Parallel programming is an intrinsic part of high performance computing (HPC)—codes must be designed to run accurately, reliably, and efficiently on systems with tens to thousands of processors working cooperatively. An HPC programmer must design code that fits the specific characteristics of a given system architecture. Code that works especially well on one architecture may not achieve nearly the same level of performance on a system with a different size or structure. Conversely, programs written to be highly portable may not perform optimally on any system. The Sequoia language seeks to address this problem by allowing programmers to write code that is functionally correct on any system, then tune the performance to the characteristics of a specific system.

High-performance parallel architectures increase performance and efficiency by allowing software to manage a hierarchy of memories. Such systems consist of many processing elements operating in isolation, drawing data only from their own small, fast local memory devices. Data and code move between levels in the hierarchy as asynchronous block transfers explicitly orchestrated by the software. Programmers must build into the software the directives to move data between nodes at adjacent levels of the memory hierarchy. Explicit management of the memory hierarchy gives the programmer direct control over locality, allowing the programmer to improve performance by writing locality-aware programs.  

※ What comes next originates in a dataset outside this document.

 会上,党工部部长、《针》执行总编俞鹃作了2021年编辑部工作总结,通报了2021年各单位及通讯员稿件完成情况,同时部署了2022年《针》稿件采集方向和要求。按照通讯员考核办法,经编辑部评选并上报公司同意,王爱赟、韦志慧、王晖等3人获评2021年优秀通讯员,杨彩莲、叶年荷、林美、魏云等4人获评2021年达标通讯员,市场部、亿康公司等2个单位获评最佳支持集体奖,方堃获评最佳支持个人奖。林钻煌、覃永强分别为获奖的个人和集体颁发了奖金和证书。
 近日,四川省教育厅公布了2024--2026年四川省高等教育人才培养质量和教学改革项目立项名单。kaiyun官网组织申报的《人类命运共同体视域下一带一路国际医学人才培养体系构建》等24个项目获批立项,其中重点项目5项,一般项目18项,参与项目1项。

The Sequoia language places data movement and placement explicitly under the control of the programmer. Machine architecture is represented in the language as abstracted memory hierarchy trees. Self-contained computations called tasks are used as the basic units of computation. Tasks provide for the expression of explicit communication and locality, isolation and parallelism, algorithmic variants, and parameterization. These properties allow Sequoia programs to be portable across machines without sacrificing the ability to tune for performance. Sequoia programmers work with an abstract memory hierarchy, which does not depend on the specific memory sizes, number of computer nodes, or depth of a particular memory hierarchy. This allows a programmer a high degree of control over both the data and the parallel computation without tying a program to a particular machine architecture.

The portions of the program that deal with the higher-level code common to all machines is kept separate from the part that handles machine-specific mapping and optimization. Programmers can control all details of mapping an algorithm to a specific machine, including defining and selecting values for the tunable parameters. The Stanford team has designed and implemented a Sequoia “autotuner” that automatically searches the space of tunable parameters for the highest performance combinations, relieving the programmer of specifying all but the most critical tunables. The autotuner has performed as well as or better than live programmers in all programs tested to date.

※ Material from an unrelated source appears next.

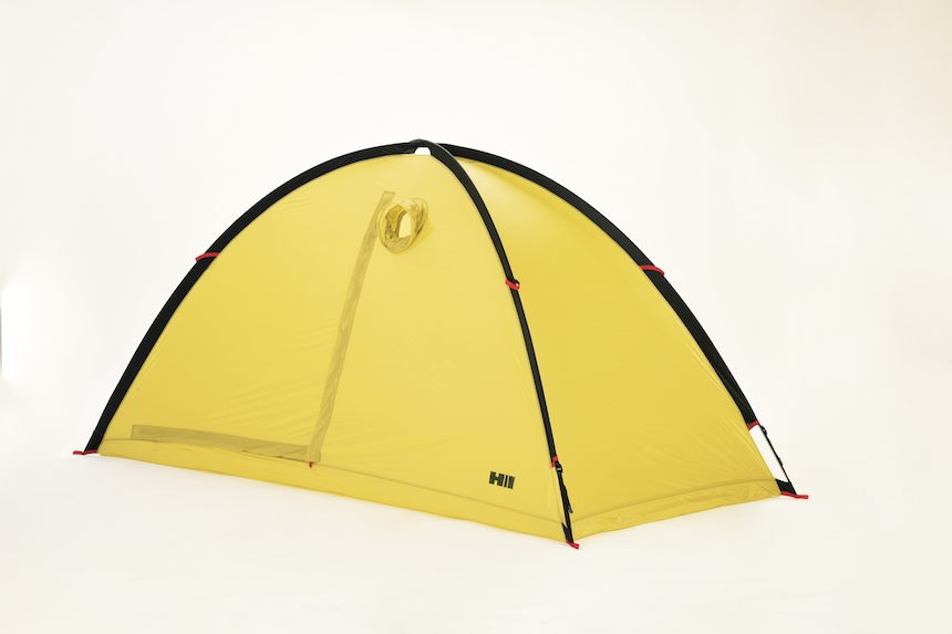 「ハイレヴォ2」は強度を保ちつつ軽量化のために生地のデニール数にこだわったダブルウォールテントです。ポールはユナン社製でもっとも細い7.5㎜径を採用していますが「検張で1,000張以上張っても折れることなく、工場責任者を驚かした」という逸話があり、これにより耐風性を維持しました。(ヘリテイジ/野中)

Sequoia syntax is an extension of the C++ programming language, with language constructs that make it easier to develop a parallel program that is “aware” of the memory hierarchy configuration in the machine on which it is running. Computations are localized to specific memory locations, and the language mechanisms describe communications among these locations.

A complete Sequoia programming system has been implemented that delivers efficient performance running Sequoia programs on  GPUs and distributed memory clusters. The first version of this system has been released, along with its documentation. Development work continues, and new capabilities and improved performance will be featured in subsequent releases.